BEGIN RECORDS

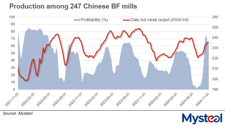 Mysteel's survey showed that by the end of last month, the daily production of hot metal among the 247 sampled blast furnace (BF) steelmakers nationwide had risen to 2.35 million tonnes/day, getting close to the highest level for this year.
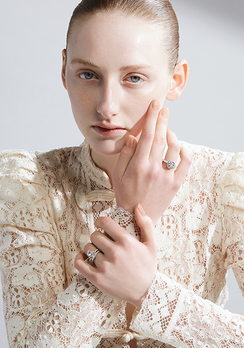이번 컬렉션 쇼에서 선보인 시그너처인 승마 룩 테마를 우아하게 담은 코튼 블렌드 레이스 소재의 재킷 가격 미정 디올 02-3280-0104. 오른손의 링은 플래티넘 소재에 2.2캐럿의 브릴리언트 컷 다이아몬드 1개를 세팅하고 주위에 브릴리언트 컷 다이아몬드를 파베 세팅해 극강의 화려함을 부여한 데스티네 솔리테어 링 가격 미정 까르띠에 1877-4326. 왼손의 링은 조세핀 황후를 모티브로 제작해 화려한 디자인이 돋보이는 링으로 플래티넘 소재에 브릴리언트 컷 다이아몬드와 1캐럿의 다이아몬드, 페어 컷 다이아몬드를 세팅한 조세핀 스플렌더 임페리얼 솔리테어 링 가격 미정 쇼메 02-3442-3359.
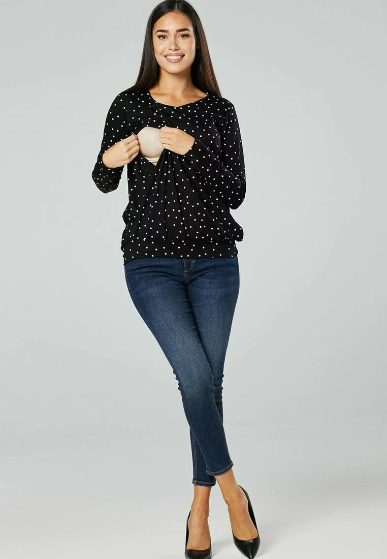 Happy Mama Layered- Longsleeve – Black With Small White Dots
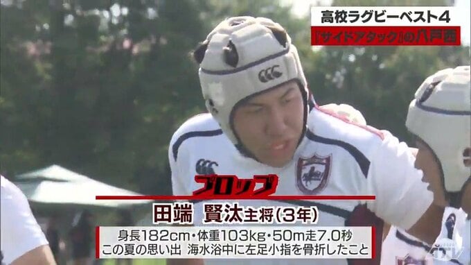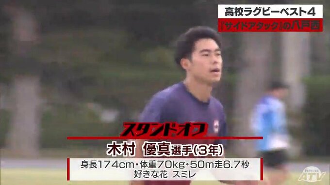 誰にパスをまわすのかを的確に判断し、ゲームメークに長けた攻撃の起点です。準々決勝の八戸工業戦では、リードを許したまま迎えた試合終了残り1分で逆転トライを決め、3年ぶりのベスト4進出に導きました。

END RECORDS
BEGIN RECORDS

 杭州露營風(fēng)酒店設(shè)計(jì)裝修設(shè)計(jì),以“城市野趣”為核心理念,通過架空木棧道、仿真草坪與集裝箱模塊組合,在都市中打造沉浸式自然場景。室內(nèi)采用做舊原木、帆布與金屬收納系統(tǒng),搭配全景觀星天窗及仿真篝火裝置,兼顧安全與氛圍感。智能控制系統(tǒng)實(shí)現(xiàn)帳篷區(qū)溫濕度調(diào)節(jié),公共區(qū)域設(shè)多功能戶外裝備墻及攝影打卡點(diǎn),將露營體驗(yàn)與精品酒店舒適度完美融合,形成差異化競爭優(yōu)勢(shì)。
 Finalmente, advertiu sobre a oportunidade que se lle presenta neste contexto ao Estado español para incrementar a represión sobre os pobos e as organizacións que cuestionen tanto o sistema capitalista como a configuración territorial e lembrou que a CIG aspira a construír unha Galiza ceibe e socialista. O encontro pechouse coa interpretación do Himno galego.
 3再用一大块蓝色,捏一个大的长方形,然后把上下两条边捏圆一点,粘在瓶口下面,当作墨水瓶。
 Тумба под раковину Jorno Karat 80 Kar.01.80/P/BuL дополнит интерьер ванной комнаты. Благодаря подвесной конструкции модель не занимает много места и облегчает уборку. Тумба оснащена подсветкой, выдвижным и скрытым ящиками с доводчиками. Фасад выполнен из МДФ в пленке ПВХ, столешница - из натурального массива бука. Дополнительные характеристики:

END RECORDS

[WORK ORDER]: Your reply should consist solely of the lines above from the line containing "Mysteel's survey showed" up to and including the line containing "誰にパスをまわすのかを的確に", reproduced exactly, minus the pictures.

[SOLUTION TO THE EXERCISE]:
 Mysteel's survey showed that by the end of last month, the daily production of hot metal among the 247 sampled blast furnace (BF) steelmakers nationwide had risen to 2.35 million tonnes/day, getting close to the highest level for this year.
이번 컬렉션 쇼에서 선보인 시그너처인 승마 룩 테마를 우아하게 담은 코튼 블렌드 레이스 소재의 재킷 가격 미정 디올 02-3280-0104. 오른손의 링은 플래티넘 소재에 2.2캐럿의 브릴리언트 컷 다이아몬드 1개를 세팅하고 주위에 브릴리언트 컷 다이아몬드를 파베 세팅해 극강의 화려함을 부여한 데스티네 솔리테어 링 가격 미정 까르띠에 1877-4326. 왼손의 링은 조세핀 황후를 모티브로 제작해 화려한 디자인이 돋보이는 링으로 플래티넘 소재에 브릴리언트 컷 다이아몬드와 1캐럿의 다이아몬드, 페어 컷 다이아몬드를 세팅한 조세핀 스플렌더 임페리얼 솔리테어 링 가격 미정 쇼메 02-3442-3359.
 Happy Mama Layered- Longsleeve – Black With Small White Dots
 誰にパスをまわすのかを的確に判断し、ゲームメークに長けた攻撃の起点です。準々決勝の八戸工業戦では、リードを許したまま迎えた試合終了残り1分で逆転トライを決め、3年ぶりのベスト4進出に導きました。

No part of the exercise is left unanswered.